<!--
%\VignetteEngine{knitr::knitr}
%\VignetteIndexEntry{alpine}
-->
# Modeling and correcting fragment sequence bias
Here we show a brief example of using the *alpine* package to model
bias parameters and then using those parameters to estimate transcript
abundance. We load a metadata table and a subset of reads from four
samples from the GEUVADIS project. For more details on these files,
see `?alpineData` in the *alpineData* package.
```{r, echo=FALSE}
library(knitr)
opts_chunk$set(cache=FALSE,
error=FALSE)
```
```{r message=FALSE}
library(alpineData)
dir <- system.file("extdata",package="alpineData")
metadata <- read.csv(file.path(dir,"metadata.csv"),
stringsAsFactors=FALSE)
metadata[,c("Title","Performer","Date","Population")]
```
A subset of the reads from one of the samples:
```{r message=FALSE}
library(GenomicAlignments)
ERR188297()
```
Before we start, we need to write these paired-end reads, here stored
in a R/Bioconductor data object, out to a BAM file, because the *alpine*
software works with alignments stored as BAM files. *This is
not a typical step*, as you would normally have BAM files already on
disk.
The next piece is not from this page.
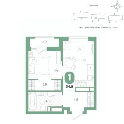 Квартира располагается в ЖК "Комсомольский" — жилом комплексе комфорт-класса. Здесь вы будете наслаждаться беззаботной жизнью, ведь ваш дом — воплощение практичности, безопасности и надежности. Для удобства предусмотрены колясочные на первых этажах домов, где можно оставить велосипеды и коляски в тепле. За безопасность отвечают система электронных ключей и видеонаблюдение. Еще здесь собственная котельная, поэтому в доме всегда будут горячая вода и оплата счетов только за фактически потребленное тепло.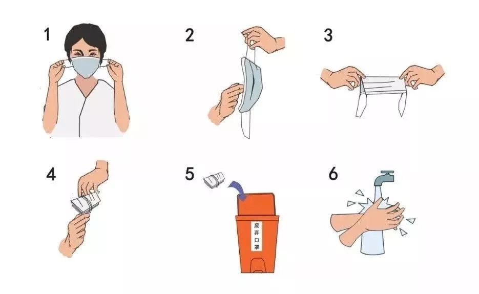 我们通过口罩阻挡了飞沫,如果用手直接从外摘下,相当于打开了接触传播的通道。

We write out four BAM files for each of the four samples
contained in *alpineData*. So you can ignore the following code chunk
if you are working with your own BAM files.
```{r message=FALSE}
library(rtracklayer)
dir <- tempdir()
for (sample.name in metadata$Title) {
# the reads are accessed with functions named
# after the sample name. the following line calls
# the function with the sample name and saves
# the reads to `gap`
gap <- match.fun(sample.name)()
file.name <- file.path(dir,paste0(sample.name,".bam"))
export(gap, con=file.name)
}
bam.files <- file.path(dir, paste0(metadata$Title, ".bam"))
names(bam.files) <- metadata$Title
stopifnot(all(file.exists(bam.files)))
```
Now we continue with the typical steps in an *alpine* workflow.
To fit the bias model, we need to identify single-isoform genes.
We used the following chunk of code (here not evaluated) to generate a
*GRangesList* of exons per single-isoform gene.
```{r, eval=FALSE}
library(ensembldb)
gtf.file <- "Homo_sapiens.GRCh38.84.gtf"
txdb <- EnsDb(gtf.file) # already an EnsDb
txdf <- transcripts(txdb, return.type="DataFrame")
tab <- table(txdf$gene_id)
one.iso.genes <- names(tab)[tab == 1]
# pre-selected genes based on medium to high counts
# calculated using Rsubread::featureCounts
selected.genes <- scan("selected.genes.txt", what="char")
one.iso.txs <- txdf$tx_id[txdf$gene_id %in%
intersect(one.iso.genes, selected.genes)]
ebt0 <- exonsBy(txdb, by="tx")
ebt.fit <- ebt0[one.iso.txs]
```
Here we pick a subset of single-isoform genes based on the
number of exons, and the length. We show in comments the recommended
parameters to use in selecting this subset of genes,
although here we use different parameters to ensure the building of
the vignette takes only a short period of time and does not use much memory.
```{r message=FALSE}
library(GenomicRanges)
```
```{r}
library(alpine)
data(preprocessedData)
# filter small genes and long genes
min.bp <- 600
max.bp <- 7000
gene.lengths <- sum(width(ebt.fit))
summary(gene.lengths)
ebt.fit <- ebt.fit[gene.lengths > min.bp & gene.lengths < max.bp]
length(ebt.fit)
set.seed(1)
# better to use ~100 genes
ebt.fit <- ebt.fit[sample(length(ebt.fit),10)]
```
## Defining a set of fragment types
Robust fitting of these bias parameters is best with ~100 medium to
high count genes, e.g. mean count across samples between 200 and
10,000. These counts can be identified by *featureCounts* from the
*Rsubread* Bioconductor package, for example.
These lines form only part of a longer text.